The only free press, as OpenDemocracy states, is one paid for by its readers.

Paying the piper


No media outlet is cheap to run. In-depth investigative reporting is expensive not least for the legal fees it can incur. Most people are unaware of how much journalism costs to produce both in terms of effort and finance, and give it a poor level of value or trust.  

Conventional journalists however don’t have to think about where their salaries or readership come from. Unless they bump hard against the system, as the Telegraph’s Peter Oborne did recently regarding HBSC, reporters rarely consider the pernicious influence of advertising on editorial, or the dissonance that arises, for example, when companies like Unilever sponsor environmental pages in The Guardian.

In alternative media you have to think about these relationships: you become an entrepreneur as much as a reporter. You have to juggle the demands of sourcing ethical advertising, subscription schemes, crowdfunding and funding from progressive charities, such as Network for Social Change. None of these are secure outlets. Most ‘alternative journalism’ doesn’t pay either its contributors, or its editorial staff.

So the way forward for many publications, both on-line or in print is through donations: to build a dynamic economic relationship with their readers, which is how the new media platform, Common Space, launched through Common Wheal, has been able to fund its team of reporters. In England, we are highly aware that the Independence movement has radicalised a large section of society that had never had been involved in political discussion before. It has helped to redefine democracy as a people-led movement, rather than a battle for power and privilege in the corridors of Westminster. - and Common Space can be seen as a direct reflection of that engagement.

But how can a left-leaning press alliance get this kind of new thinking out to people who may lean in other directions? ‘We don’t want to be in an echo-chamber, talking to ourselves,’ Common Space’s editor Angela Haggerty stated.

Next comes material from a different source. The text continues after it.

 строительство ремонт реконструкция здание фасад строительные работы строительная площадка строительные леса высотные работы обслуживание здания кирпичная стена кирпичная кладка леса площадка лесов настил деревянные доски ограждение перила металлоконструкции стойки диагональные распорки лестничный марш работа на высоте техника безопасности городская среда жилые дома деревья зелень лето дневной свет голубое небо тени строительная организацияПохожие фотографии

Answering questions from the floor about dealing with disenfranchisement among fracking protesters, or within Muslim communities, she advised: ‘You have to confront the argument and be prepared to explore it properly.’ Most of all you have to listen and allow enough space and common ground for everyone to be included.

This is a very different position from conventional journalism which stands apart from the subject it is reporting on. It is a stance that demands far more than an ability to ask awkward questions and make the deadline. To stop sliding into the Us and Them rhetoric that typifies Big Media, we need to ask ourselves those kinds of tricky existential questions that have been arising in the backrooms of the Friends’ Meeting House on this rainy afternoon. 

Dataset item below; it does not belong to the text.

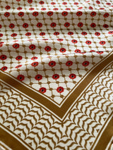 100% Silk Palestine Poppyseed Kefiyyah Scarf (Gold) 35"x35"

Who are you reporting to, and for whom?

Whose side are you on?


Everybody knows the boat is leaking


Everybody knows , as Leonard Cohen once reminded us, but few of us speak with one another as if we all know. Everyone knows the system is rotten but carries on reading papers that say that the shiny world they showcase is going to last forever. One of the reasons for the Big Media clampdown on dissent, explains Ahmed, is because of the systemic crisis we are facing – political, financial, environmental, social – is signalling that the system itself is dying.  

‘Fundamentally our planet is owned and controlled by a tiny elite of people who are exploiting the commons for their own benefit.’

If everybody knows that fracking contaminates water tables, that Amazon doesn’t pay its taxes, that ‘divide and rule’ is the tactic employed by all bully-boy Empires, a key move we need to make as citizens and communicators is to speak to each other from that knowledge, and frame our media likewise.

One thing lies in our favour: what drives every journalist, no matter who  they work for, is neither money, nor corporate control; it is the story. And if that story is no longer illusion or propaganda, but  embedded in the real lives of people, reporters will have no choice but to go out there and find it.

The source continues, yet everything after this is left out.